Four Months Too Soon

Marvel Cinematic Universe Marvel The Avengers (Marvel Movies) Avengers (Comics) Guardians of the Galaxy (Movies)
Gen
G
Four Months Too Soon
author
Summary
A fic where Y/n is grieving the loss of her dad (Peter Quill, sorry, I have an obsession with him) from the snap and Tony helps her though it. Reader x Tony Stark (+Rocket Raccoon)
Note
Hey! Thanks for reading! Sooooo it’s my first work up on here and it took a lot of guts so please don’t be mean! Just wanted to let you know that I’m from Germany and I’m just now learning English (going on five or six months now!) and some words in Germany mean a different thing than they do it English. And also sometimes the wording is different. Sorry for any inconvenience you might have. Also I like to put a lot of words so you can really understand my vision for the story, but you’re welcome to have your own vision and imagination, or course!Enjoy! :)

I walk though the halls of the Avengers Compound, where I’ve been living for the past month after my dad passed in the blip. It’s quite, not a lot of people are here right now. Everyone has stuff the do. You know, the avengers needing to calm the city down after mass destruction.

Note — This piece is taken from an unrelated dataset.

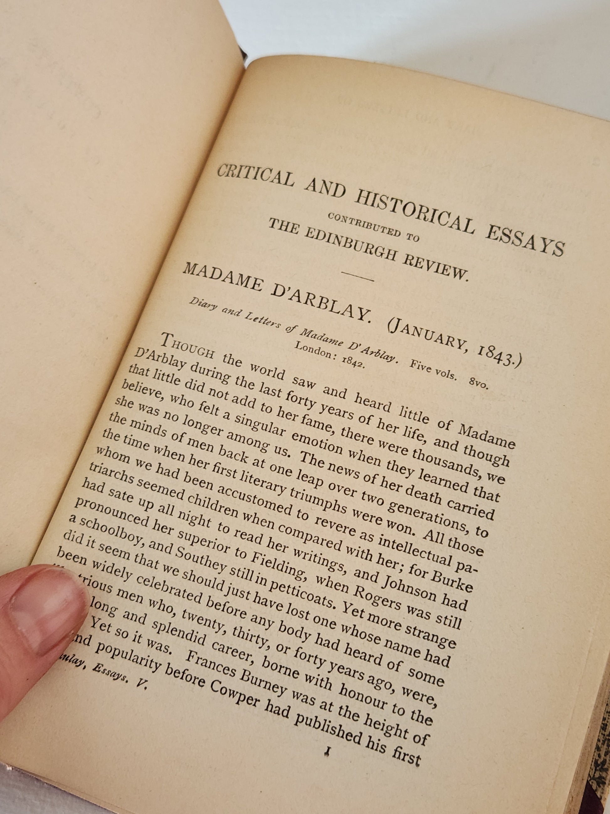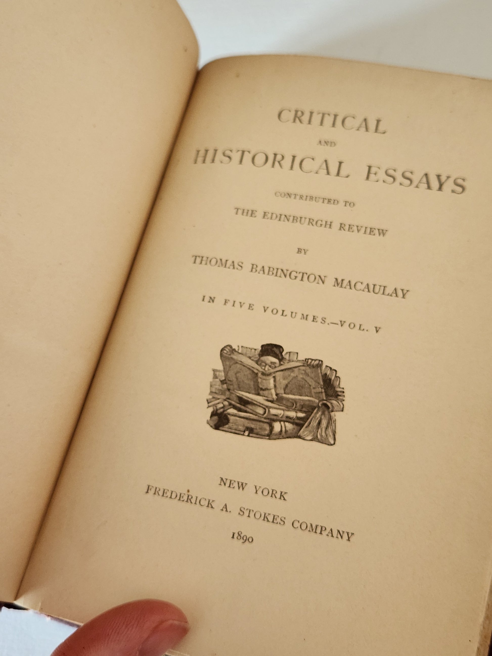 Critical and Historical Essays: Contributed to the Edinburgh Review (1843) is a collection of articles by Thomas Babington Macaulay, later Lord Macaulay. They have been acclaimed for their readability, but criticized for their inflexible attachment to the attitudes of the Whig school of history.
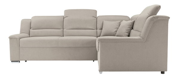 Rohová sedacia súprava s rozkladaním a úložným priestorom Mechanizmus rozkladania typu delfín - výsuvný vozík s gumovými kolieskami proti poškodeniu podlahy Nastaviteľné hlavové opierky pre pohodlné sedenie Zasúvací úložný priestor - komfortný prístup bez nutnosti rozkladania Vysoké operadlo - kvalitná podpora chrbta pri sedení Vlnité pružiny v sedacej aj opieracej časti pre pohodlné sedenie Nôžky plastové s chrómovou úpravou

Rocket’s here, I think, but he’s probably getting his tools or working on the ship. We’re supposed to be going on a mission soon to get more supplies for our ship so we can head out again. Nebula’s somewhere, I don’t know. But right now, I really just need to be alone, I really just need to be with my dad.
I’ve been quite sad lately, I think everyone has. Normally I’m okay to walk around or go on trips and stuff like that, but today, I really just can’t.
I sit down on the couch that was kinda a living room and kind of a kitchen. Whatever it is, it’s normally the center place of the house, and where everyone normally talks. I spend most of my time in here with Rocket, and it’s normally pretty crowed, but today, there was no one.
I place my rickamacardy down on the coffee table in front of me. The ‘rickamacardy’ is something Rocket made quite a while ago, I just call it my ‘Rick Machine’.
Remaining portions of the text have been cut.